The immediate past Senate president, Bukola Saraki yesterday opposed an application before a Federal High Court, Lagos, seeking final forfeiture of two of his Ikoyi properties.
The said properties are located at 17 and 17A McDonald Road, Ikoyi, Eti-Osa Local Government Area of Lagos State.
The Economic and Financial Crimes Commission (EFCC) had obtained an interim order of forfeiture on the properties in November 2019.
The judge, Mohammed Liman, had then adjourned the case for any interested party to appear and show cause why a permanent order should not be made.
The court had also ordered that the interim order be published in a national newspaper to alert such interested parties.
EFCC applied to court to forfeit the properties to the government, on the grounds that they were obtained with loans from GTBank and repaid back with Kwara State fund.
Kehinde Ogunwunmiju (SAN), counsel to Mr Saraki, informed the court that he was already a successful businessman with properties worldwide before he became a senator.
He said the EFCC must satisfy the court that such properties formed part of proceeds of any unlawful act by the respondent.
Respondent’s Counsel informed the court that both the interim and the attempted permanent forfeiture of the two properties was an abuse of court process.

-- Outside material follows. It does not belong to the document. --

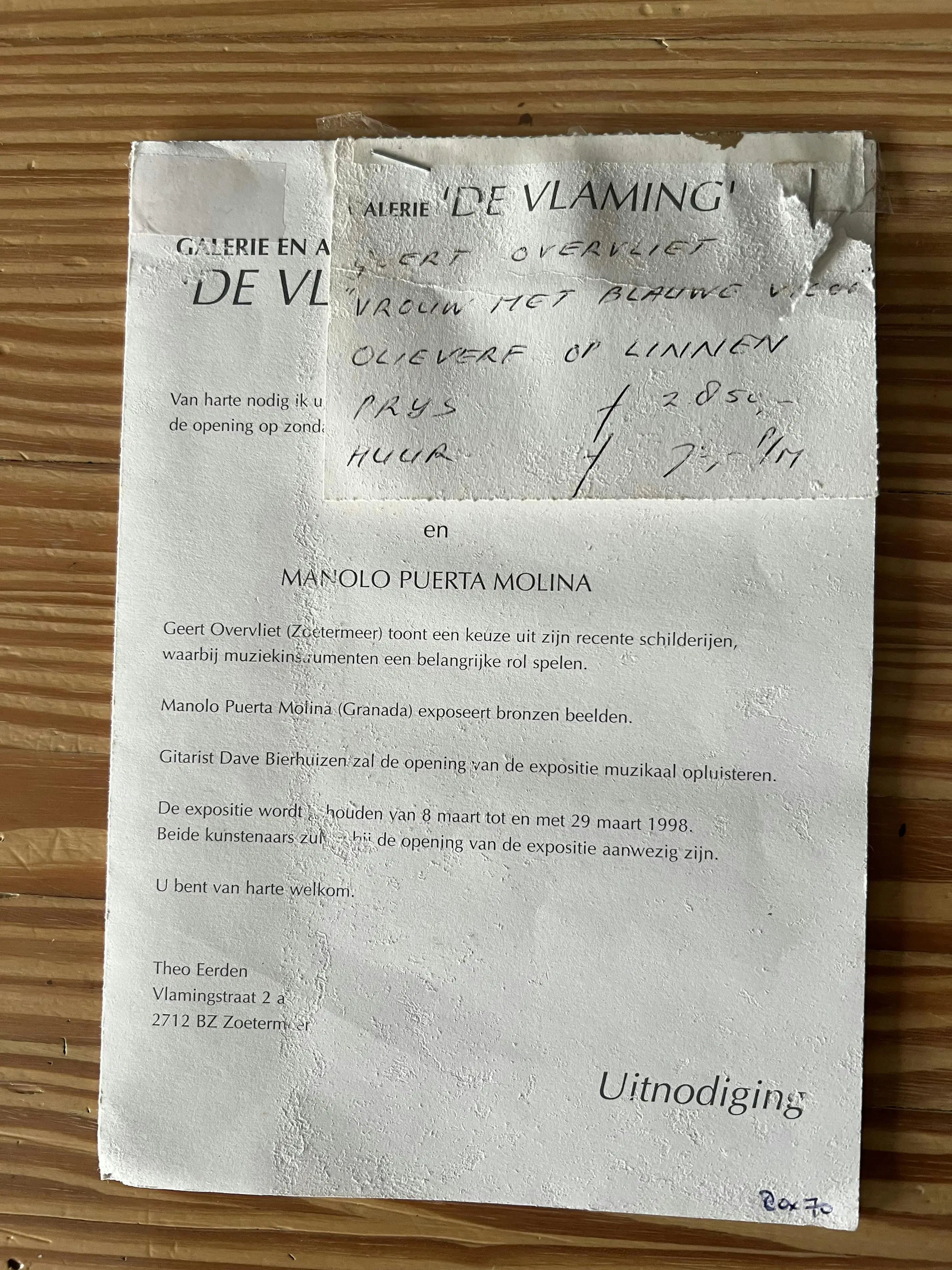 Ben u niet in staat om een werk zelf af te halen, dan kunt u een koeriersdienst inschakelen om het werk te laten afhalen. Klik hier voor meer informatie over hoe dit werkt en bekijk de tarieven.
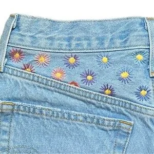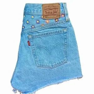 Life is too short to wear what everyone else is wearing. Why not stand out in a crowd? Upcycled Levi’s button fly 501 highrise jean shorts in a light blue wash features hand stitched multi colored daisies in a color gradient of dusty rose/mauve/teal and purple across rear yolk. Pink daisy accent on front coin pocket. Button fly closure. Distressed styling, approximately 2” inseam with frayed/raw hem edge. 10” rise. Hips approx 20” flat lay measured. 5 pocket styling with traditional copper rivets. This item is hand stitched by myself. Machine wash cool water in a garment bag to protect stitching. 100% cotton.

Counsel further argued that the EFCC was also estopped from re-litigating the same properties because it had litigated on same before the Code of Conduct Tribunal (CCT) up to the Supreme Court but lost.
He said Justice Taiwo Taiwo had made an order restraining EFCC from filing such a case adding that the order was still subsisting.
Meanwhile some of the facts presented by the EFCC before the court are that Saraki while serving as Governor of Kwara, was deducting N100 million from security votes to defray the loan.
EFCC counsel, Nnaemeka Omenwa, argued that the judgment of the CCT dismissing the case, did not vest property rights on Mr Saraki.
He urged the court not to be persuaded by the argument of counsel but hold in favour of applicant.
Mr Liman adjourned until April 24 for judgment.